Зато совсем другое дело, когда все у тебя в порядке. Идешь к командующему, и походка у тебя легкая; докладываешь ему, и голос у тебя твердый, уверенный. И он это чувствует. Человек он требовательный - ему чтобы смелая инициатива была. Морской порядок любит. В требованиях своих строг, но справедлив. И что удивительно: флот ведь большой, а всех на флоте командующий знает! Про каждого все знает! Внимательный к людям. На кораблях часто бывает, в море ходит, и все его на кораблях любят.

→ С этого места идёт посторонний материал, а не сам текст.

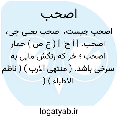 اصحب. [ اَ ح َ ] ( ع ص ) حمار اصحب؛ خر که رنگش مایل به سرخی باشد. ( منتهی الارب ) ( ناظم الاطباء ) ( آنندراج ). || میگون. ( محمودبن عمر ربنجنی ).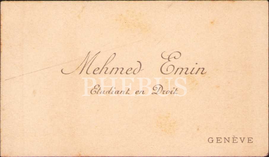 Fransızca kartvizit, Mehmed Emin, arkası Osmanlıca yazılı, 7x4 cm

Приходилось и мне бывать у него на командном пункте.
Чего сам не видал - товарищи мне рассказывали. Есть там, например, в одной из комнат огромный стол, покрытый стеклом. А под стеклом подробнейшая карта полярных морей. И на стекле крохотные макеты всех кораблей нашего Северного флота, всех до одного! Взглянешь на эту карту - и сразу видишь обстановку на театре, где какой корабль находится, куда держит путь, где минные поля, где противник…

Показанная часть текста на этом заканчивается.